▶ [Your task]
Transcribe each line of the material as it is, and drop any picture.
**** Information shown
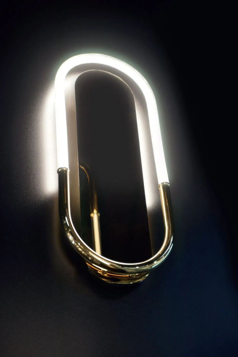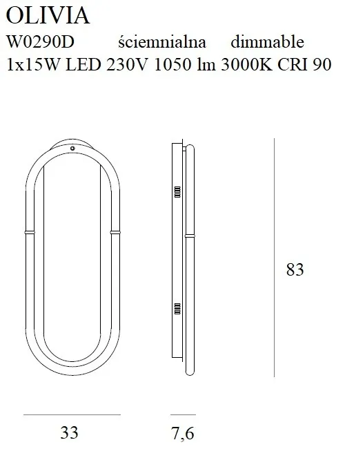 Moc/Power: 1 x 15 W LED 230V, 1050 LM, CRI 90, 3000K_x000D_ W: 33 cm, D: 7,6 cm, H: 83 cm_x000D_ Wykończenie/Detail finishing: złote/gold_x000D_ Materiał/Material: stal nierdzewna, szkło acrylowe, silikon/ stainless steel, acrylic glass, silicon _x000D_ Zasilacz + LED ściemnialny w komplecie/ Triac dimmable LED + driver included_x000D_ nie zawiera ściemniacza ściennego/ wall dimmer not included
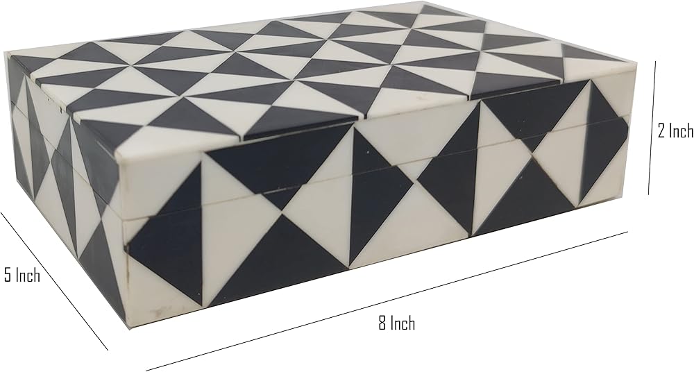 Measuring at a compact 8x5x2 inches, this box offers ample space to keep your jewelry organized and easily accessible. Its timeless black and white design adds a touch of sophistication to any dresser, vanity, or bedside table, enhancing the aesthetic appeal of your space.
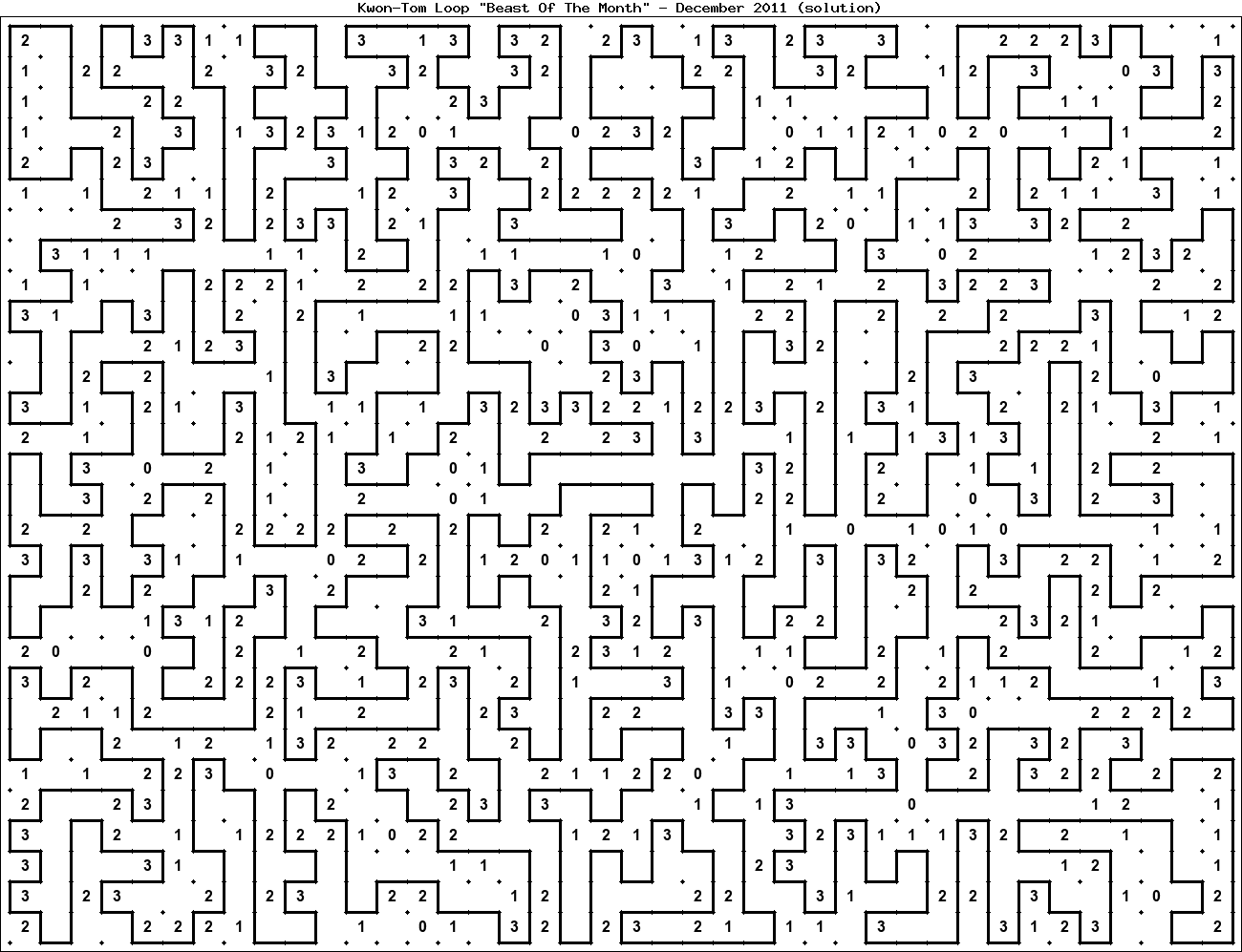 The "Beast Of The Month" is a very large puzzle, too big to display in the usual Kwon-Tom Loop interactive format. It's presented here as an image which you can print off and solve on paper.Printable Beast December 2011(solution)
********
▶ [Reply]
 Moc/Power: 1 x 15 W LED 230V, 1050 LM, CRI 90, 3000K_x000D_ W: 33 cm, D: 7,6 cm, H: 83 cm_x000D_ Wykończenie/Detail finishing: złote/gold_x000D_ Materiał/Material: stal nierdzewna, szkło acrylowe, silikon/ stainless steel, acrylic glass, silicon _x000D_ Zasilacz + LED ściemnialny w komplecie/ Triac dimmable LED + driver included_x000D_ nie zawiera ściemniacza ściennego/ wall dimmer not included
 Measuring at a compact 8x5x2 inches, this box offers ample space to keep your jewelry organized and easily accessible. Its timeless black and white design adds a touch of sophistication to any dresser, vanity, or bedside table, enhancing the aesthetic appeal of your space.
 The "Beast Of The Month" is a very large puzzle, too big to display in the usual Kwon-Tom Loop interactive format. It's presented here as an image which you can print off and solve on paper.Printable Beast December 2011(solution)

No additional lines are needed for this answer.